Exercise objective: Pictures must be dropped from the copy of the entries below; all else is returned exactly.

Provided data:
-*-
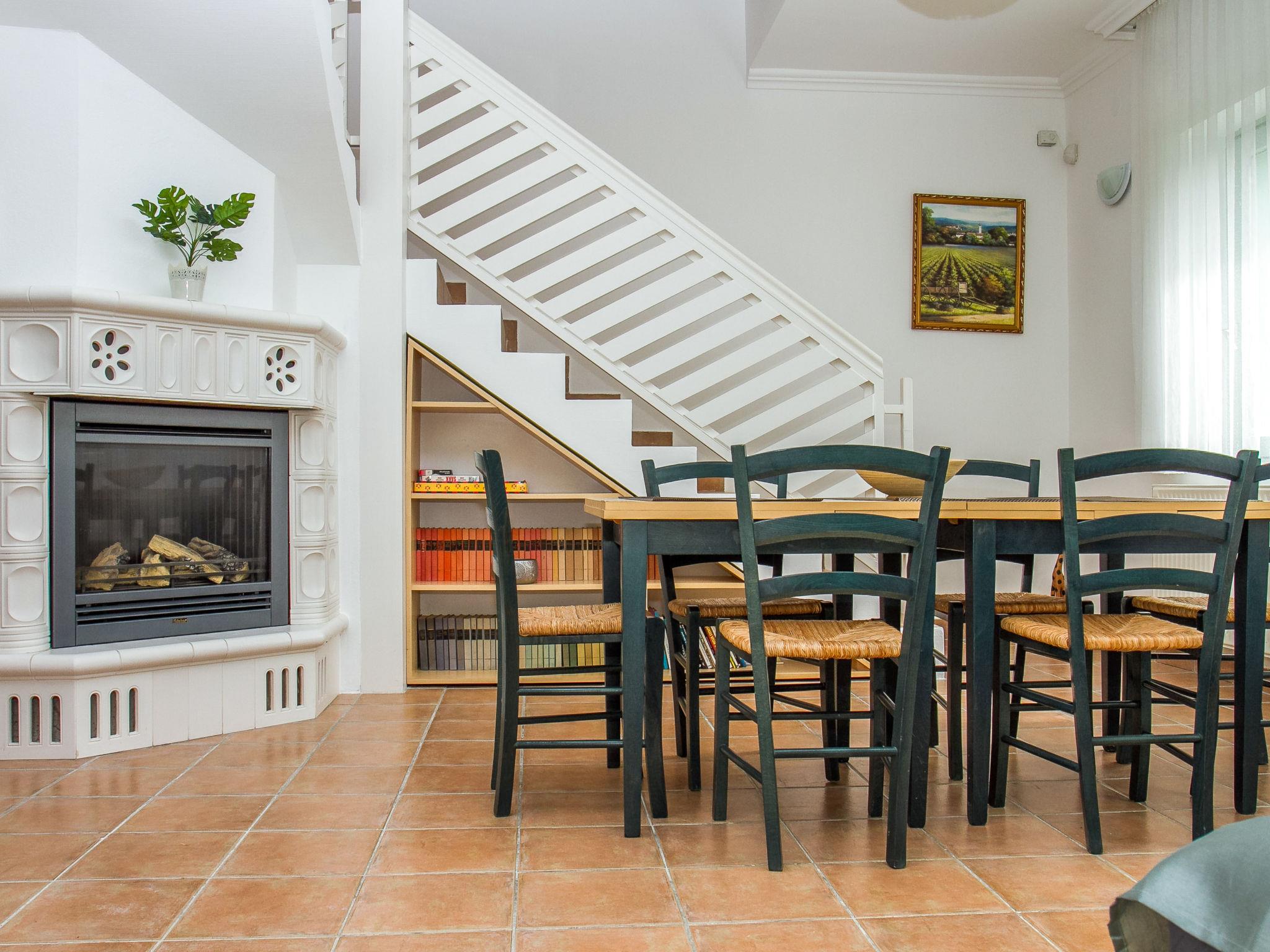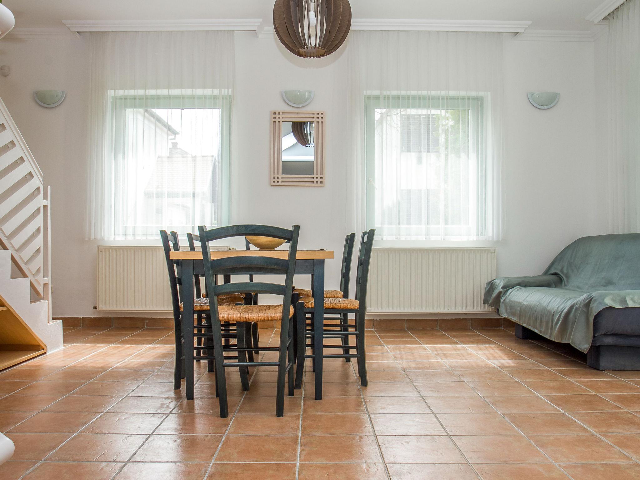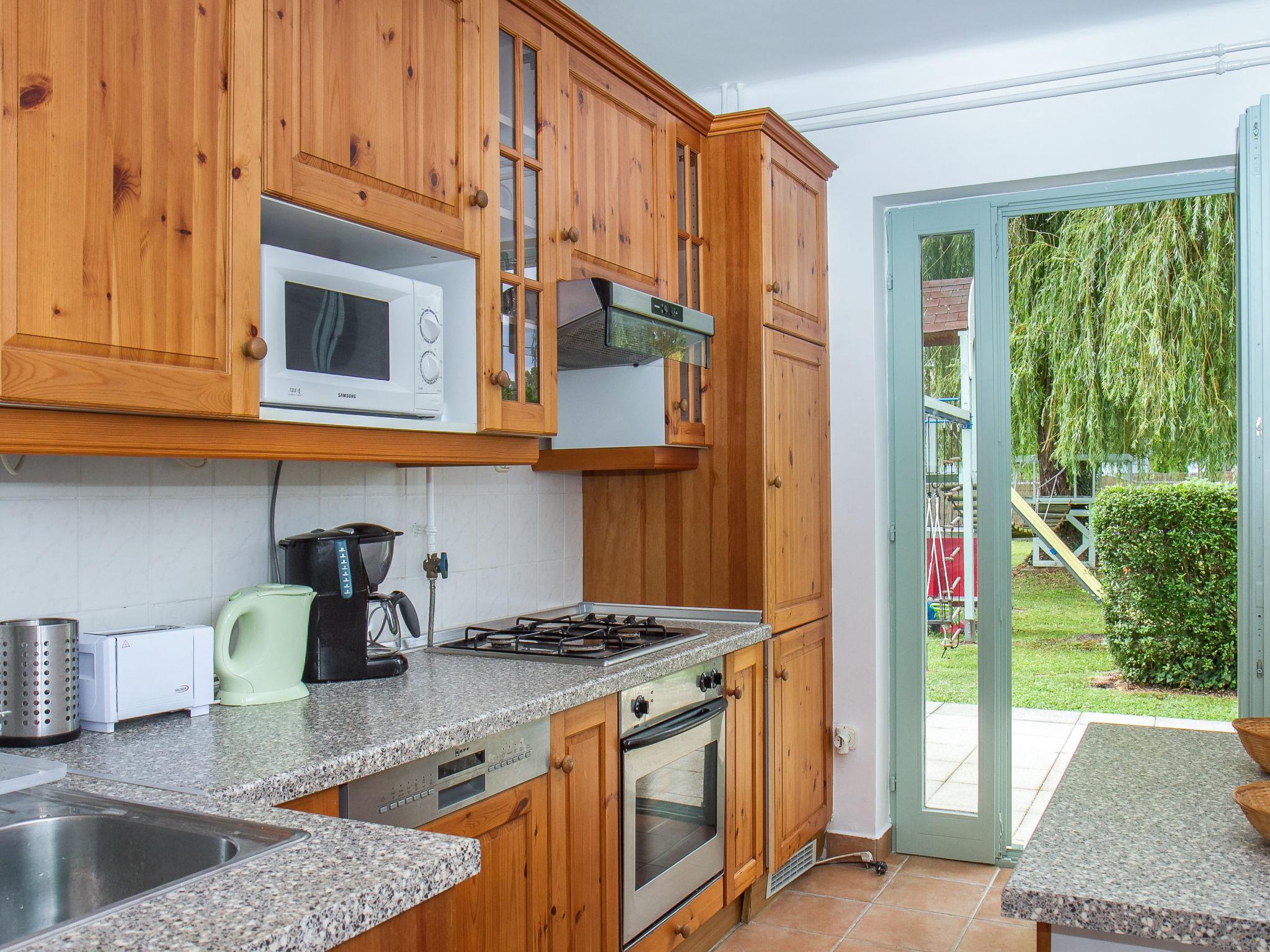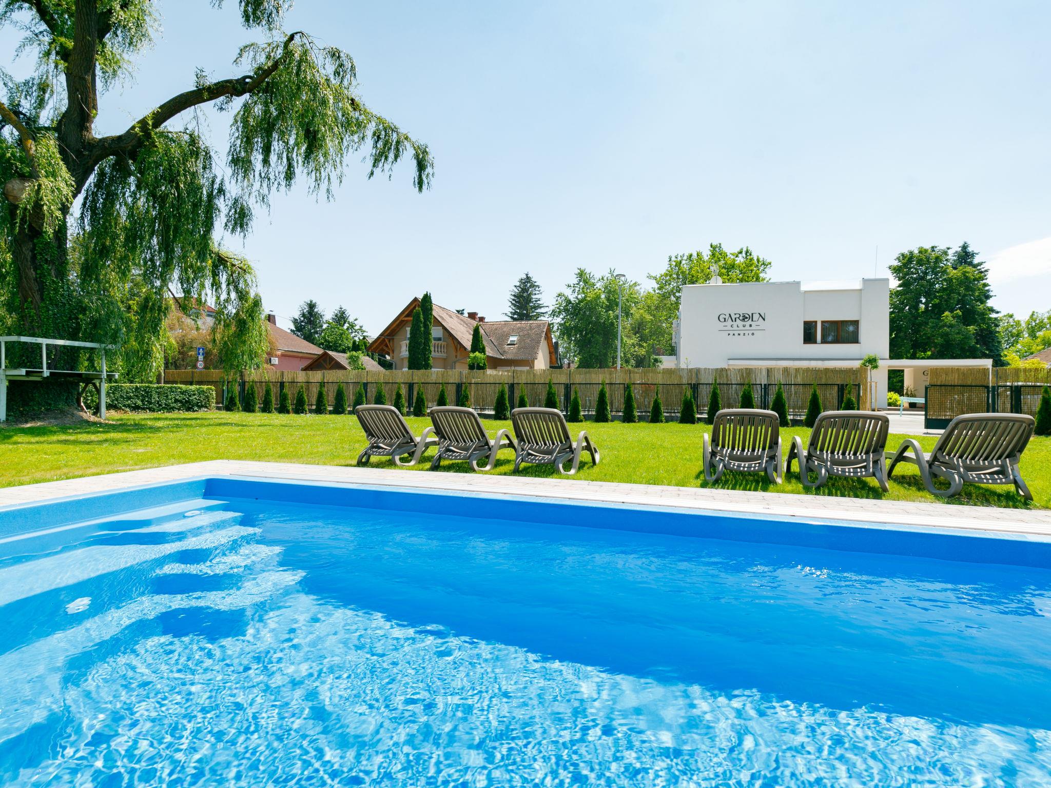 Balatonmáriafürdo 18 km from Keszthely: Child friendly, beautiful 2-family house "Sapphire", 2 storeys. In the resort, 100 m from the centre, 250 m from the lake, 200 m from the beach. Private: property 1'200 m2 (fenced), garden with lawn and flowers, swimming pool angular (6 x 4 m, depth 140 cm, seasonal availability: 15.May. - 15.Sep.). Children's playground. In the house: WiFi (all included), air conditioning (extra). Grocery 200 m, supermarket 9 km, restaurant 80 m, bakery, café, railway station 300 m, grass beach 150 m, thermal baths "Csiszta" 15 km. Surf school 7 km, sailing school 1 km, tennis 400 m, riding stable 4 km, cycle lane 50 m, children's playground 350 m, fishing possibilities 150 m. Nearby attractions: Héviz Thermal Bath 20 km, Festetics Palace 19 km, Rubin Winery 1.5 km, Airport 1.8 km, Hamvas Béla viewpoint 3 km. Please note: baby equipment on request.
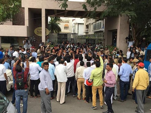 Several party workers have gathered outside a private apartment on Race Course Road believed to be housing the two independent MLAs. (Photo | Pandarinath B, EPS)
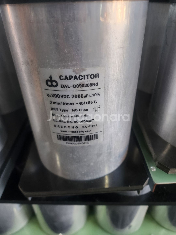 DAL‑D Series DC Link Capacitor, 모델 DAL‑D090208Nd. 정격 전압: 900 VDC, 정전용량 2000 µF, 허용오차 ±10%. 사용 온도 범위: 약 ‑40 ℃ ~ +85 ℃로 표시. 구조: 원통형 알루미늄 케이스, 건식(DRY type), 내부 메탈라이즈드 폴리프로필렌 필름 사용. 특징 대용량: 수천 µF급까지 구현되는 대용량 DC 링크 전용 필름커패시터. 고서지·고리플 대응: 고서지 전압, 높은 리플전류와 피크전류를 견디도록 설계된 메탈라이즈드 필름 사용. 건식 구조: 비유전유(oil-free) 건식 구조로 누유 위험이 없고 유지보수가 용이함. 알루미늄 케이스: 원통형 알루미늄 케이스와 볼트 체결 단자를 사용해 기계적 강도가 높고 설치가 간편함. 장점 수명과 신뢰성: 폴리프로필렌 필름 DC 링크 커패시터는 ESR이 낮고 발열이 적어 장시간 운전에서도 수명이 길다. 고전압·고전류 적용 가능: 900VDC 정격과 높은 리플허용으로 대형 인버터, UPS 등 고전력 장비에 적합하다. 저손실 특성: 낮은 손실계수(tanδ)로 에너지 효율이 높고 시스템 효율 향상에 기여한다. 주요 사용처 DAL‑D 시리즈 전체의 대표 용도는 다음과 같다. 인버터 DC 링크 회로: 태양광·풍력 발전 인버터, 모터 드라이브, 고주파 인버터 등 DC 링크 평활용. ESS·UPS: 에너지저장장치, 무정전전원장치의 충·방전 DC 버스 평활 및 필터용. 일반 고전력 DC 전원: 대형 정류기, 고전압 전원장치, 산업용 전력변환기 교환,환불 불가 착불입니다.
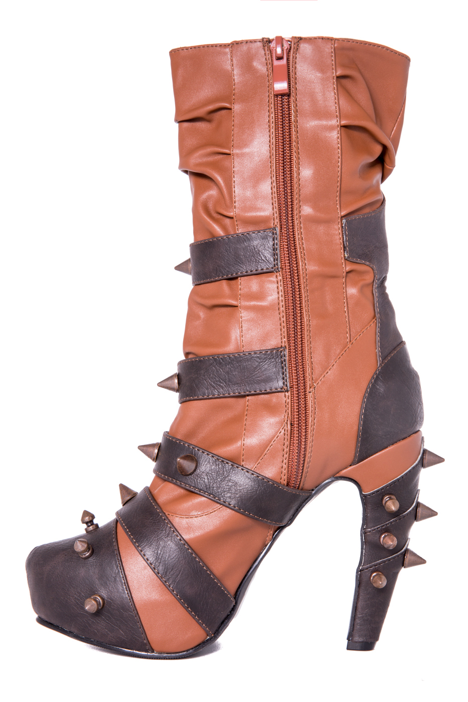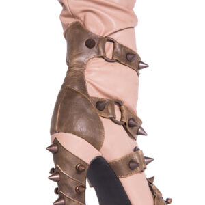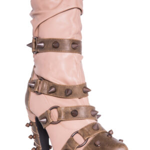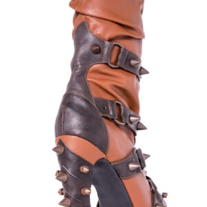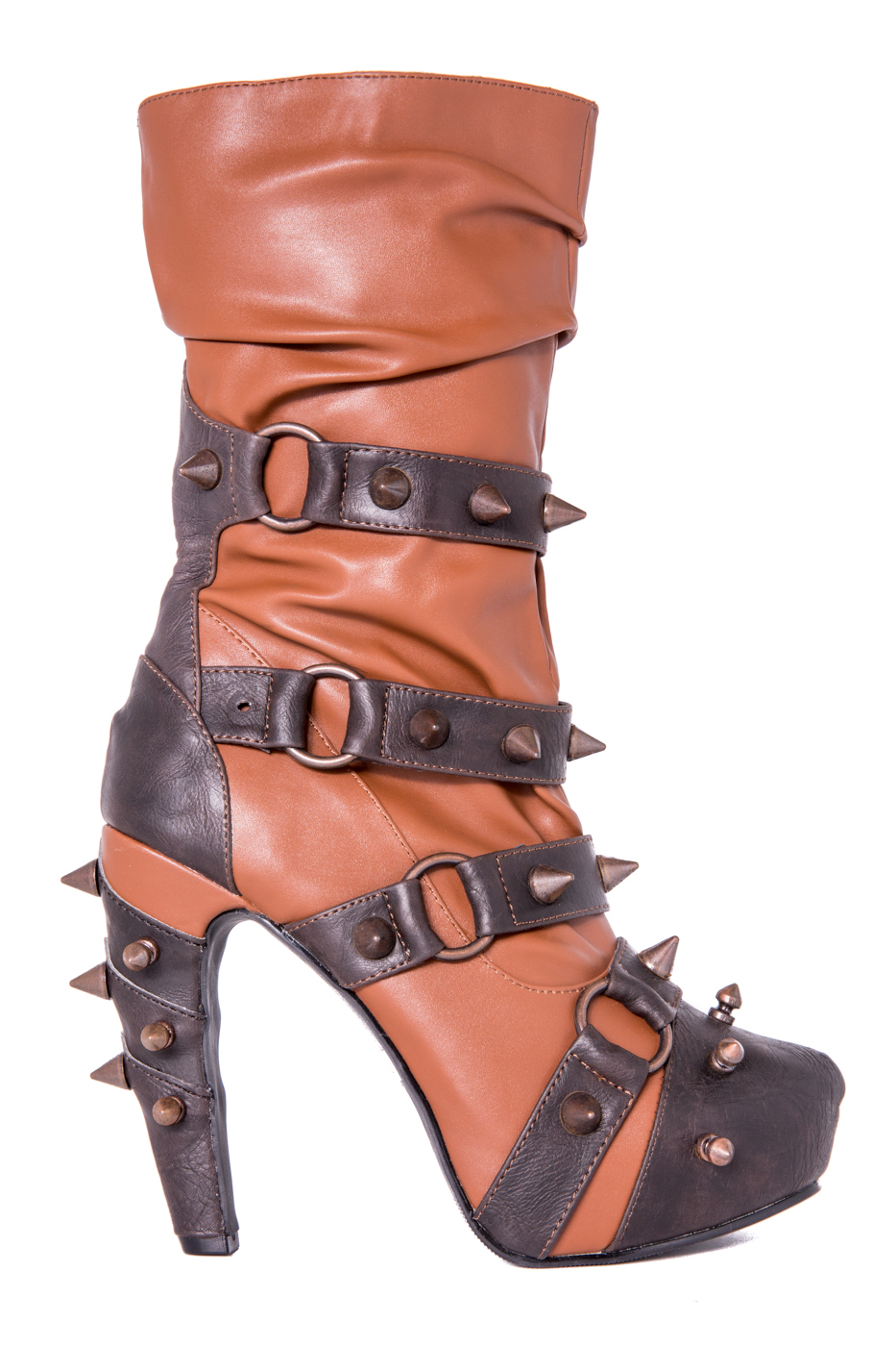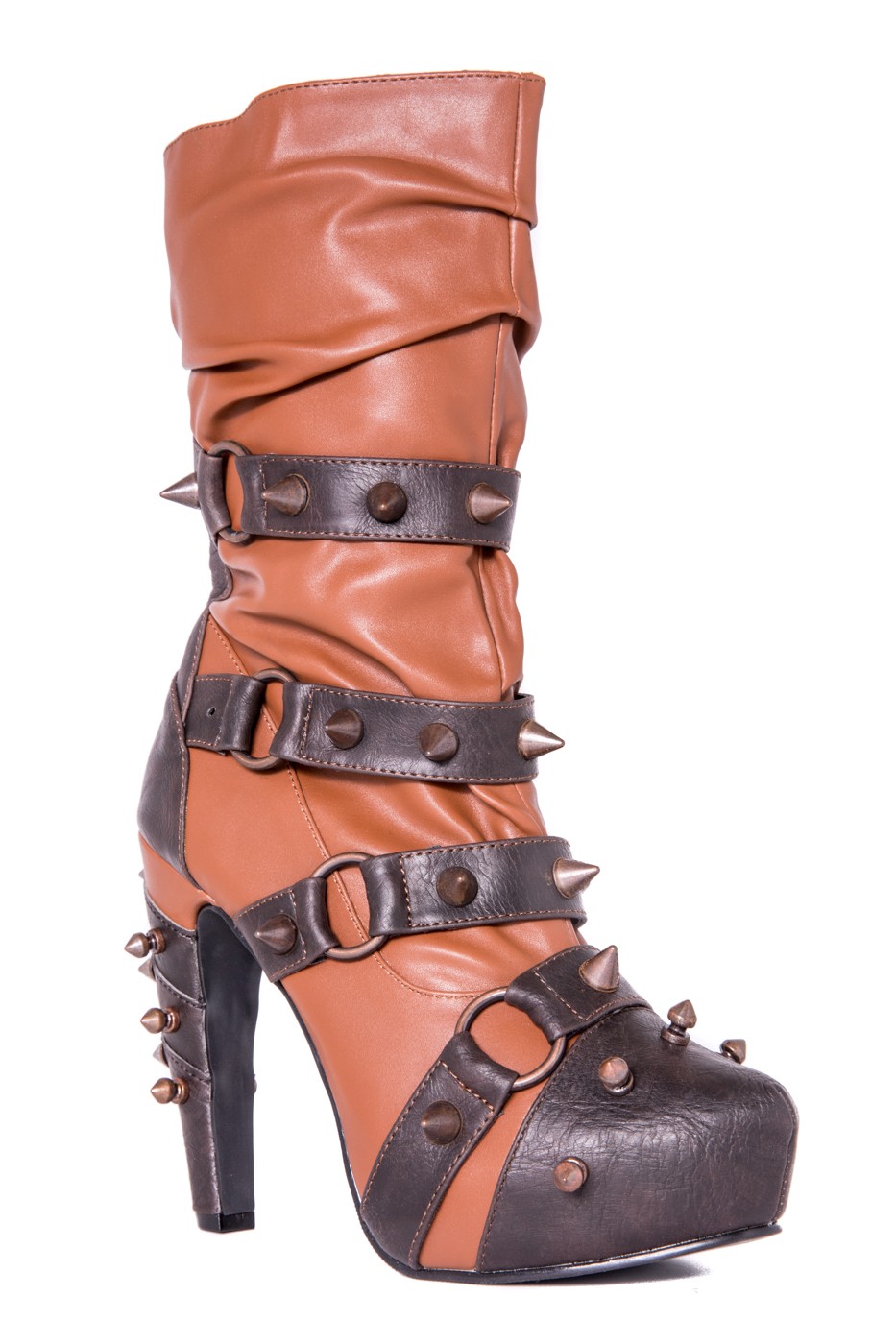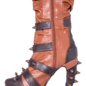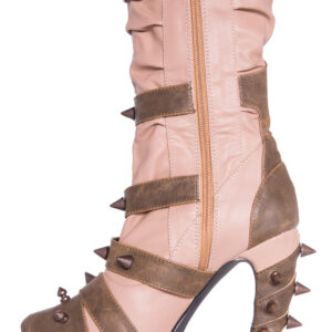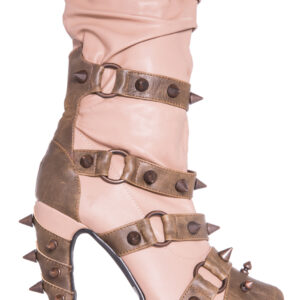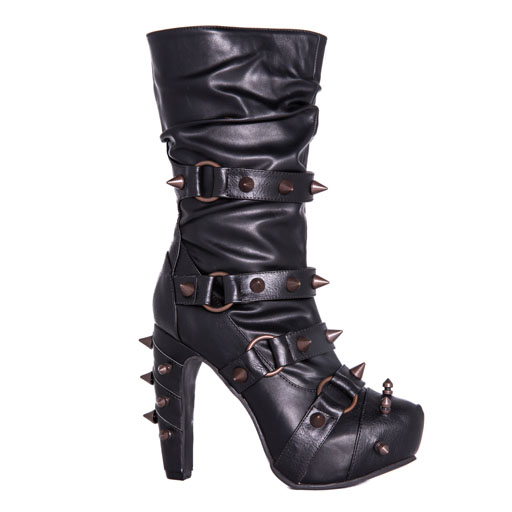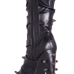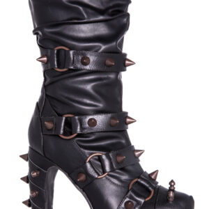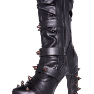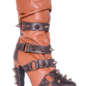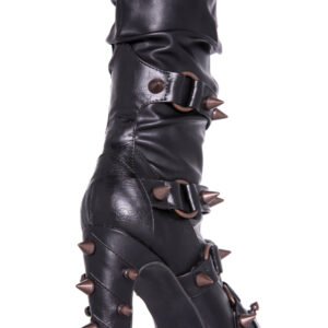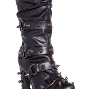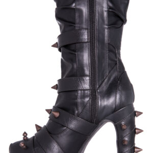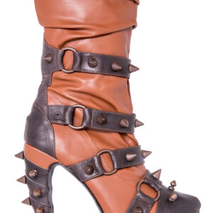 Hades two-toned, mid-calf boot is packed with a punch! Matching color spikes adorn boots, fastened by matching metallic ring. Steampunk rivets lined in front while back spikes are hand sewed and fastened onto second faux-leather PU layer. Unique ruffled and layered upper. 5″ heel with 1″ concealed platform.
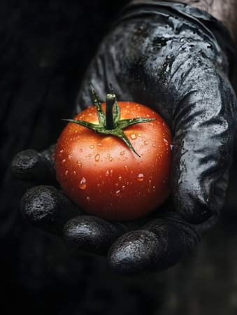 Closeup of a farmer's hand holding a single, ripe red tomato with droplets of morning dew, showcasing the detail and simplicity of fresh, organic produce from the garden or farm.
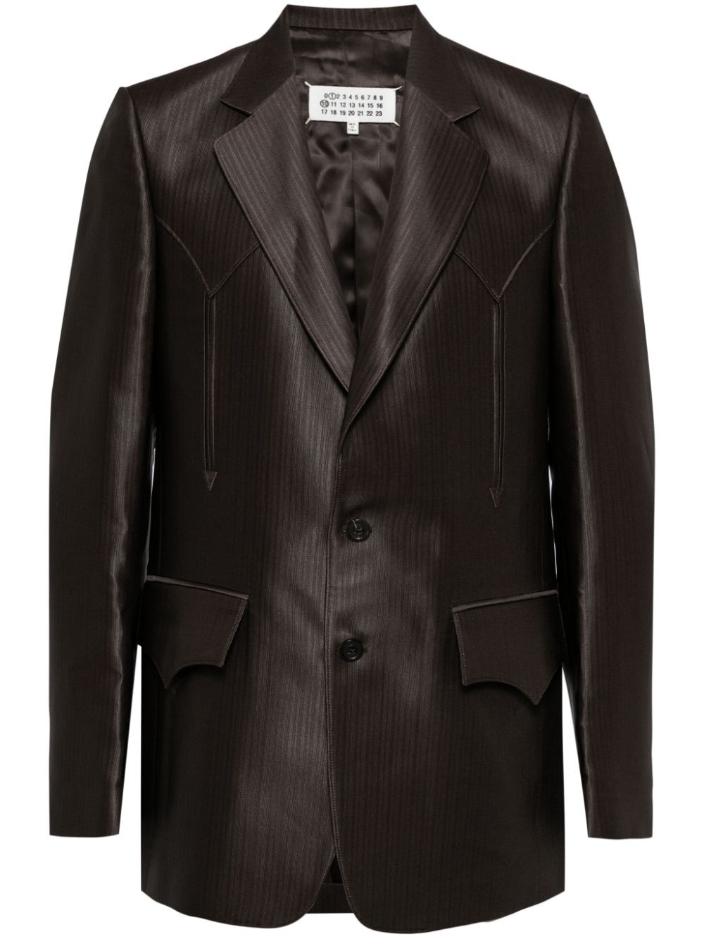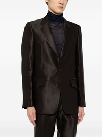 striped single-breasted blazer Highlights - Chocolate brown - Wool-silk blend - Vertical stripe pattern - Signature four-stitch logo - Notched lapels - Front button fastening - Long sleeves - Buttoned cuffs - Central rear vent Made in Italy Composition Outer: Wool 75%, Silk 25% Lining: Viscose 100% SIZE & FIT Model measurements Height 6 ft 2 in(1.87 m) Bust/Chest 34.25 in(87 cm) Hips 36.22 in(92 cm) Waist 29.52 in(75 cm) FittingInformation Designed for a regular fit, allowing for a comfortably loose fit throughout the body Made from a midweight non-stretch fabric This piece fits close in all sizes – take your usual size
-*-
Answer section:
 Balatonmáriafürdo 18 km from Keszthely: Child friendly, beautiful 2-family house "Sapphire", 2 storeys. In the resort, 100 m from the centre, 250 m from the lake, 200 m from the beach. Private: property 1'200 m2 (fenced), garden with lawn and flowers, swimming pool angular (6 x 4 m, depth 140 cm, seasonal availability: 15.May. - 15.Sep.). Children's playground. In the house: WiFi (all included), air conditioning (extra). Grocery 200 m, supermarket 9 km, restaurant 80 m, bakery, café, railway station 300 m, grass beach 150 m, thermal baths "Csiszta" 15 km. Surf school 7 km, sailing school 1 km, tennis 400 m, riding stable 4 km, cycle lane 50 m, children's playground 350 m, fishing possibilities 150 m. Nearby attractions: Héviz Thermal Bath 20 km, Festetics Palace 19 km, Rubin Winery 1.5 km, Airport 1.8 km, Hamvas Béla viewpoint 3 km. Please note: baby equipment on request.
 Several party workers have gathered outside a private apartment on Race Course Road believed to be housing the two independent MLAs. (Photo | Pandarinath B, EPS)
 DAL‑D Series DC Link Capacitor, 모델 DAL‑D090208Nd. 정격 전압: 900 VDC, 정전용량 2000 µF, 허용오차 ±10%. 사용 온도 범위: 약 ‑40 ℃ ~ +85 ℃로 표시. 구조: 원통형 알루미늄 케이스, 건식(DRY type), 내부 메탈라이즈드 폴리프로필렌 필름 사용. 특징 대용량: 수천 µF급까지 구현되는 대용량 DC 링크 전용 필름커패시터. 고서지·고리플 대응: 고서지 전압, 높은 리플전류와 피크전류를 견디도록 설계된 메탈라이즈드 필름 사용. 건식 구조: 비유전유(oil-free) 건식 구조로 누유 위험이 없고 유지보수가 용이함. 알루미늄 케이스: 원통형 알루미늄 케이스와 볼트 체결 단자를 사용해 기계적 강도가 높고 설치가 간편함. 장점 수명과 신뢰성: 폴리프로필렌 필름 DC 링크 커패시터는 ESR이 낮고 발열이 적어 장시간 운전에서도 수명이 길다. 고전압·고전류 적용 가능: 900VDC 정격과 높은 리플허용으로 대형 인버터, UPS 등 고전력 장비에 적합하다. 저손실 특성: 낮은 손실계수(tanδ)로 에너지 효율이 높고 시스템 효율 향상에 기여한다. 주요 사용처 DAL‑D 시리즈 전체의 대표 용도는 다음과 같다. 인버터 DC 링크 회로: 태양광·풍력 발전 인버터, 모터 드라이브, 고주파 인버터 등 DC 링크 평활용. ESS·UPS: 에너지저장장치, 무정전전원장치의 충·방전 DC 버스 평활 및 필터용. 일반 고전력 DC 전원: 대형 정류기, 고전압 전원장치, 산업용 전력변환기 교환,환불 불가 착불입니다.
 Hades two-toned, mid-calf boot is packed with a punch! Matching color spikes adorn boots, fastened by matching metallic ring. Steampunk rivets lined in front while back spikes are hand sewed and fastened onto second faux-leather PU layer. Unique ruffled and layered upper. 5″ heel with 1″ concealed platform.
 Closeup of a farmer's hand holding a single, ripe red tomato with droplets of morning dew, showcasing the detail and simplicity of fresh, organic produce from the garden or farm.
 striped single-breasted blazer Highlights - Chocolate brown - Wool-silk blend - Vertical stripe pattern - Signature four-stitch logo - Notched lapels - Front button fastening - Long sleeves - Buttoned cuffs - Central rear vent Made in Italy Composition Outer: Wool 75%, Silk 25% Lining: Viscose 100% SIZE & FIT Model measurements Height 6 ft 2 in(1.87 m) Bust/Chest 34.25 in(87 cm) Hips 36.22 in(92 cm) Waist 29.52 in(75 cm) FittingInformation Designed for a regular fit, allowing for a comfortably loose fit throughout the body Made from a midweight non-stretch fabric This piece fits close in all sizes – take your usual size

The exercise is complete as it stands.